Clinical Genome Sequencing: Bioinformatics Challenges and Key Considerations

Advances in next generation sequencing (NGS) platforms have enabled rapid genomic, transcriptomic, and epigenomic profiling for clinical applications, from risk assessment, diagnosis, and prognosis, to biomarker discovery and choice of drug therapy. In general, NGS-based diagnostic testing has successfully demonstrated the clinical utility landscape of genomic information, including evaluating rare disorders, identifying therapeutic targets for tailored cancer therapies, and incorporating epigenetic changes as valuable biomarker for cancer detection. In clinical setting, however, these sequencing applications pose unique bioinformatics challenges, impeding the translation of personal genomic data into interpretable information.

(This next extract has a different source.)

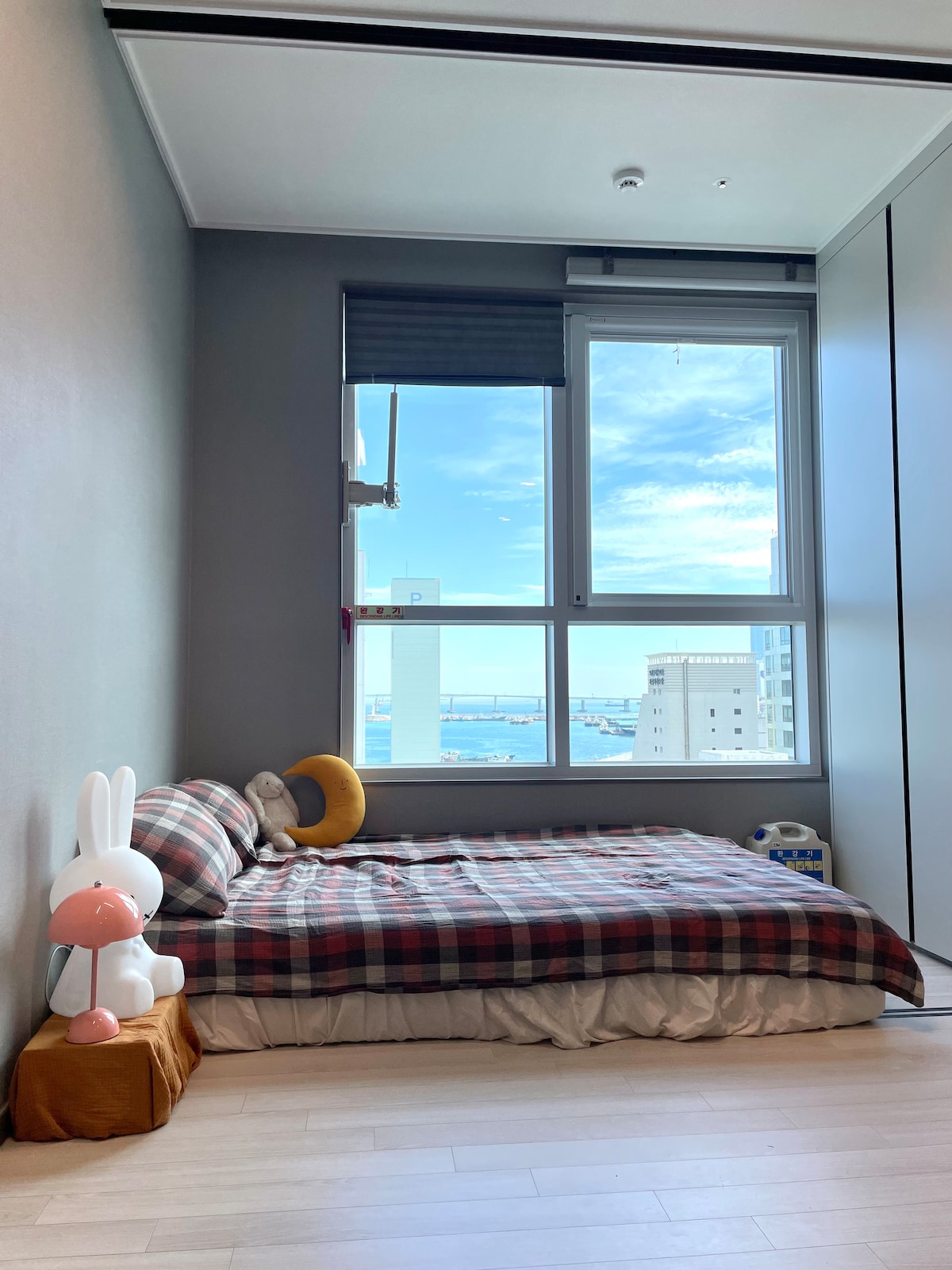 Dieses Zimmer befindet sich direkt vor dem Ausgang 3 des Busbahnhofs Busan Jagalchi. Ein Queensize-Bett ist installiert, und du kannst die schöne Bukhang-Brücke und den Meerblick vom Zimmer aus genießen. Es bietet den besten Ausblick auf das klare Meer am Morgen. Die wichtigsten Touristenattraktionen von Busan wie Beef Square, Kkangtong Market und Jagalchi Market sind zu Fuß erreichbar, sodass es einfach ist, zu reisen. Die Umgebung ist gut ausgestattet mit verschiedenen Annehmlichkeiten wie Lebensmittelgeschäften, Cafés, Restaurants und Apotheken. Kostenloses Highspeed-WLAN und ein 24-Stunden-Sicherheitsdienst helfen dir, sicher zu bleiben, und alle Bereiche sind Nichtraucherbereiche, um eine angenehme Umgebung zu gewährleisten. Ausgestattet mit Kühlschrank, Waschmaschine, Smart-TV usw. ist es für Langzeitaufenthalte geeignet. Bettwäsche und Zimmerreinigung werden für Aufenthalte ab 3 Nächten zur Verfügung gestellt, und wir garantieren eine bequeme und sichere Reise mit kontaktlosem Check-in und Textkommunikation. * Wichtig: Es gibt keinen privaten Parkplatz in diesem Gebäude, also stelle bitte sicher, dass du den privaten Parkplatz (JS-Parkplatz usw.) nutzt, der nur 5 Gehminuten entfernt ist.

First, biopsy samples are often limited in quantity and quality. For cancer genome sequencing, the challenge is more evident in cases where a matched control DNA sample is not available, which complicates the filtering of germline variants, and in other instances where there is remarkable intratumor heterogeneity as a result of clonal evolution. In addition, as a major sample source, formalin-fixed paraffin-embedded (FFPE) tissues are often suffered from low DNA quality. These suboptimal conditions likely lead to low limits of detection on more clinically and therapeutically relevant subclonal events. Second, liquid biopsy represents an ideal alternative or complement to surgical biopsy in clinic genomic assays. It allows non-invasive and real-time monitoring of tumor dynamics, therapeutic response and early cancer detection. For example, cell-free circulating tumor DNA (ctDNA) analysis with liquid biopsy has recently implemented in a number of clinical applications for detecting point mutations and epigenetic patterns in plasma. ctDNA is also being assessed in detecting chromosomal rearrangements and copy number aberrations. Despite the promise in broader clinical applications, there are elevated false positives when sequencing such highly fragmented ctDNA in blood with low-abundance, especially in detecting low allele frequency variants Thus, the efficacy of ctDNA application highly relies on the optimized bioinformatics pipelines to differentiate tumor-specific aberrations with high sensitivity.

Finally, the prognostic relevance of CHIP is increasingly recognized for its association with a higher risk of hematologic neoplasm or cardiovascular disease. Clonal hematopoiesis of indeterminate potential, or CHIP, represents somatic mutations with low variant allele frequency in blood or bone marrow cells. The detection of CHIP requires a rigorous variant calling parameter setting, which in turn may result in compromised specificity. Together, in these scenarios, more sensitive and robust bioinformatics algorithms in combination with big data analysis are highly needed to better address the challenges. Joint effort in this area is expected to fill in the knowledge gap between data analytical team and clinical practice.

This Research Topic welcomes manuscripts that present original research, commentaries, perspectives, and reviews. The scope includes clinical genome sequencing applications, novel bioinformatics methodologies, as well as pipeline development for refining genomic, transcriptomic and epigenomic findings.